Младшая мисс Эсмондхэйл с великим почитанием относилась ко всей семьи Файнел, даже к своему кузену, которым пренебрегла ее сестра, да и вообще, одно упоминание о нем вызывало у Пенелопы приступ безудержного смеха. Да, он несколько неуклюж, зато родовитый наследник огромного состояния, роскошного дома в фешенебельном районе столицы, да еще и холост ко всему прочему.
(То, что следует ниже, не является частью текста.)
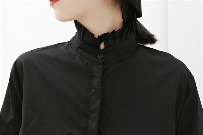 シャツブラウス レディース 春 秋 長袖 きれいめ ロングシャツ 上品 不規則 チュニック ドレス アシンメトリー 立ち襟 フリル襟 大きいサイ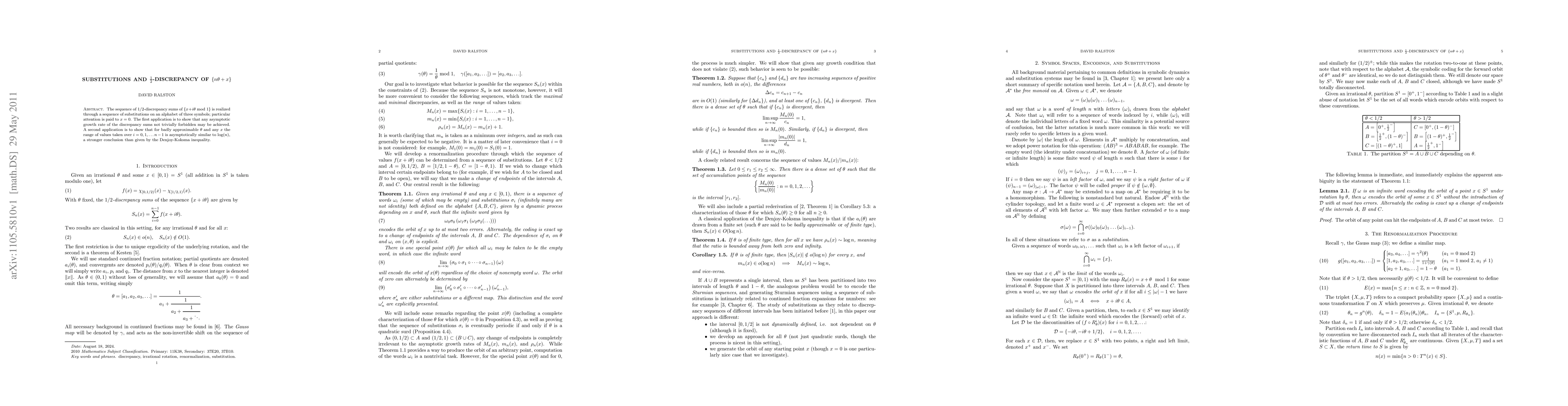 The sequence of 1/2-discrepancy sums of $\{x + i \theta \bmod 1\}$ is realized through a sequence of substitutions on an alphabet of three symbols; particular attention is paid to $x=0$. The first application is to show that any asymptotic growth rate of the discrepancy sums not trivially forbidden may be achieved. A second application is to show that for badly approximable $\theta$ and any $x$ the range of values taken over $i=0,1,...n-1$ is asymptotically similar to $\log(n)$, a stronger conclusion than given by the Denjoy-Koksma inequality.

С этого следовало, что все недостатки его внешности, манер и характера искупались положением в обществе, которое он займет после смерти отца.

По приезду, тетка очень удивилась столь поспешному визиту, который нанесла ей сестра с племянницей. Она ожидала их лишь в середине января. Но, несмотря на такие неудобства, Эмма казалась безгранично довольной, что заполучила такое общество.

— Что-то случилось? — спросила она, как бы между прочим, когда принесли чай.

— Изгнанная мною дочь вернулась домой, мистер Эсмондхэйл потребовал от меня такой жертвы.

Эмма поставила чашечку на блюдце и спокойно ответила:

— Диана, твой случай не самый худший — вернулась домой твоя родная дочь, которая вынуждена будет подчиняться тебе, а мне придется терпеть проделки миссис Майерсон.

— Она…? Приедет?

— Да, погостить у отца две недели.

— Эмма, бедняжка, как тебе не повезло.

Мой читатель, если ты не догадался о ком идет речь, я напомню — о зловредной мисс Файнел, которая теперь именовалась миссис Майерсон. Она должна была появиться через три дня и погостить в отчем доме две недели. Сэр Магнус накануне получил от нее внушительных размеров письмо, около часу изучал его содержание, закрывшись в кабинете, а жене сообщил кратко о приезде.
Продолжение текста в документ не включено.